Wagner Group exploits African nations to fuel Russia's war machine, US envoy says

Shadowy mercenary group fighting in Ukraine, Syria and beyond

This undated photograph from the French military shows alleged Russian mercenaries in northern Mali. AP
Powered by automated translation

Russia's notorious mercenary army, the Wagner Group, is plundering Africa's natural resources to help pay for Moscow's war machine in Ukraine, the Middle East and beyond, the US ambassador to the UN said on Thursday.

Wagner is widely believed to be tied to the Kremlin and Russian President Vladimir Putin, though Moscow denies any involvement.

The shadowy private military contractor operates in dozens of nations, including Syria and Ukraine, and trains local troops across several African hotspots including the Central African Republic, Mali and Sudan.

Linda Thomas-Greenfield accused Wagner of taking advantage of countries it works in and using “ill-gotten gains” to help power Russia's military operations.

“We know these ill-gotten gains are used to fund Moscow's war machine in Africa, the Middle East and Ukraine,” she told the UN Security Council.

“Rather than being a transparent partner and improving security, Wagner exploits client states who pay for their heavy-handed security services in gold, diamond, timber and other natural resources … This is part of the Wagner Group's business model.”

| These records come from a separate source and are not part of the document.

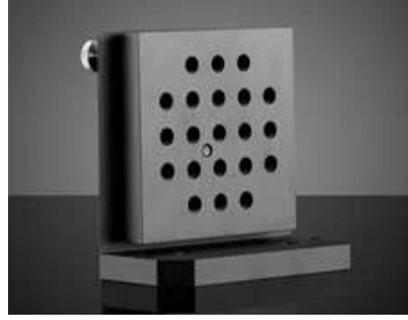
#36-481 - 3.0" Angle Mirror Mount ₹25,223
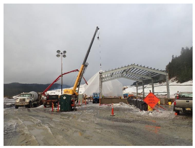
Photo 22. Contractors continue with construction of the TDF's new wheel station.
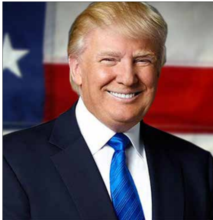
Pro-life President Donald Trump
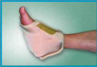
DERMASAVER STAY-PUT HEEL PROTECTOR

9-29-07: This resident's feet have external rotation when at rest (in bed or in recliner) and he has had two stage 2 pressure ulcers on the outer malleolus's of both ankles since admission. We have been trying duoderm dressing and booties at HS (cloth covered cotton boots) for approximately 3 months. When the wounds would resolve to a stage 1, the duoderm would be removed, and the booties were continued, but they did not stay in place and constantly had to be re-applied several times throughout the night (interfering with his sleep), and resulting in the return of the the stage 2 ulcers. We would then repeat the process; this has continued for the last 3 months. We decided to try the DermaSaver Stay-Put Heel Protectors. With this product alone, we had the stage 2's resolved to stage 1's within one week. Plus they remained in place throughout the night. (The resident was very relieved to be able to sleep uninterrupted!) He was able to ambulate with them on, which allowed him to remain independent with his toileting needs.
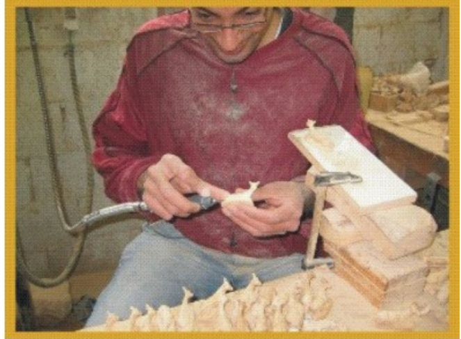
Hand carving and putting the small details
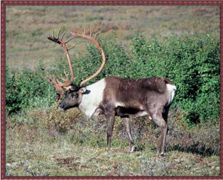
Tom J. Ulrich

T HE history of caribou is similar to that of the bison. They were important to the Indians and Eskimos for food, shelter and clothing and at one time the population numbered in the millions. With the coming of the white man, the population decreased. The effectiveness of the rifle and forest fires were the main reasons for this decrease. The fires burned mature forests that contain the slow growing plants that are important food for caribou. Some of these food plants are lichens, mosses, sedges and various shrubs. Caribou are found in the tundra and coniferous forests of northern North America, Europe and Asia. They are the same species as the reindeer. The word caribou is the Indian name for "pawer". This is due to the caribou's winter feeding habit of pawing a hole in the snow with their broad front feet to

She was speaking at a session led by Gabon’s Minister of Foreign Affairs Michael Adamo, dedicated to “strengthening the fight against the financing of armed groups and terrorists through the illicit trafficking of natural resources”.

Ms Thomas-Greenfield cited a “common interest” in ensuring that African wealth is not stolen and redirected for illicit purposes.

But Russia's ambassador to the UN Vassily Nebenzia accused the US of “anti-Russian rage”.

“African states are not our clients, they are our partners. I would like to recall here, by the way, that in Syria, the US, under the cover of counter-terrorism, was stealing Syrian oil,” Mr Nebenzia said.

India's Minister of State for External Affairs Vellamvelly Muraleedharan said groups linked to ISIS and Al Qaeda in Africa are embedding themselves in domestic conflicts, attempting to influence and control the political agenda.

“What we need is a zero-tolerance policy,” Mr Muraleedharan said.

Sheikh Shakhbout bin Nahyan, UAE Minister of State, said the illegal exploitation of natural resources has become an “artery” for terrorists and criminal actors.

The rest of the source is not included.